» **RECORD EXTRACTS**:

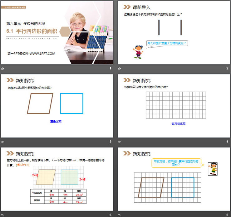 第六单元 多边形的面积,《平行四边形的面积》PPT课件下载,共21页。
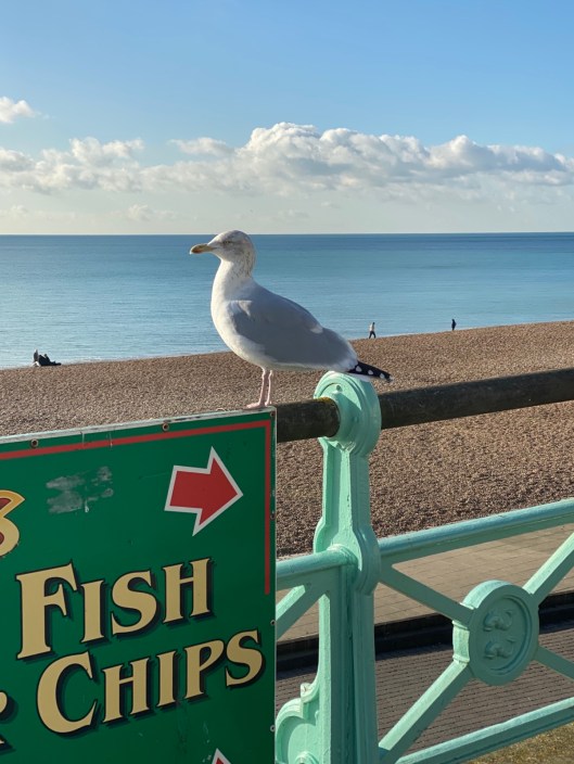 The next day was a beautiful sunny day again so we went for a walk down to see the sea. Blue skies and sea are always good in my book. This seagul knew which way to go for his dinner.
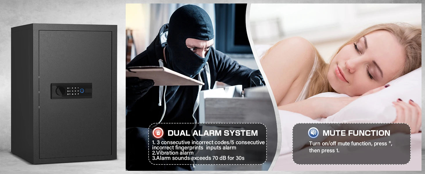- Double Alarm System: Your security is paramount; the dual alarm system activates after three incorrect password attempts or violent movements, sounding an alarm over 70 decibels.
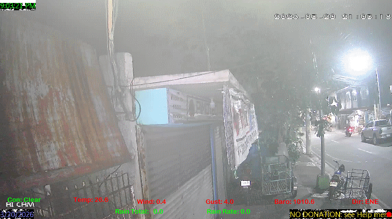 1 Rain season in the Philippines: June 1st to Oct 31st.   5 Estimated amount of water needed to replace the water used by plants and evaporation from the past week. (Negative numbers mean amount of water needed, positive numbers mean excess water is present).   6 Air Quality Index is provided by Luftdaten System esp8266 and is updated every 5 mins..   9 Solar Index represents either an absolute scale of solar energy (W/m²) using the station’s recorded maximum or a percentage of computed theoretical solar maximum using the station’s location and time of day. These indices differ most when the sun is low on the horizon. The current scale is shown, and will toggle if it or the icon is clicked.   10 Historical average only to day 20 of just the month of March for this station since 2016.   11 Historical average rain this season to day 20 of March for this station since 2016.
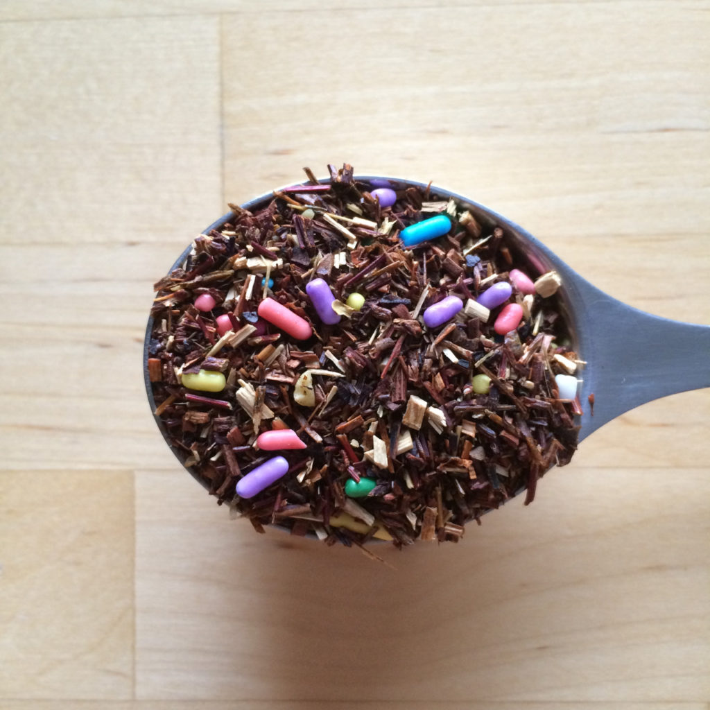 Ingredients: Red and green rooibos, honeybush, sprinkles (sugar, corn starch, partially hydrogenated vegetable oil, soy lecithin, dextrin, confectioner’s glaze, natural and artificial flavouring, carnauba wax, Yellow 5 lake, Blue 1 Lake, Red 40 Lake, Red 3, Blue 1, R[…]

» **YOUR ASSIGNMENT**: From the first line to the last, transcribe the listing exactly; skip the pictures.

» **REPLY**:
 第六单元 多边形的面积,《平行四边形的面积》PPT课件下载,共21页。
 The next day was a beautiful sunny day again so we went for a walk down to see the sea. Blue skies and sea are always good in my book. This seagul knew which way to go for his dinner.
- Double Alarm System: Your security is paramount; the dual alarm system activates after three incorrect password attempts or violent movements, sounding an alarm over 70 decibels.
 1 Rain season in the Philippines: June 1st to Oct 31st.   5 Estimated amount of water needed to replace the water used by plants and evaporation from the past week. (Negative numbers mean amount of water needed, positive numbers mean excess water is present).   6 Air Quality Index is provided by Luftdaten System esp8266 and is updated every 5 mins..   9 Solar Index represents either an absolute scale of solar energy (W/m²) using the station’s recorded maximum or a percentage of computed theoretical solar maximum using the station’s location and time of day. These indices differ most when the sun is low on the horizon. The current scale is shown, and will toggle if it or the icon is clicked.   10 Historical average only to day 20 of just the month of March for this station since 2016.   11 Historical average rain this season to day 20 of March for this station since 2016.
 Ingredients: Red and green rooibos, honeybush, sprinkles (sugar, corn starch, partially hydrogenated vegetable oil, soy lecithin, dextrin, confectioner’s glaze, natural and artificial flavouring, carnauba wax, Yellow 5 lake, Blue 1 Lake, Red 40 Lake, Red 3, Blue 1, R[…]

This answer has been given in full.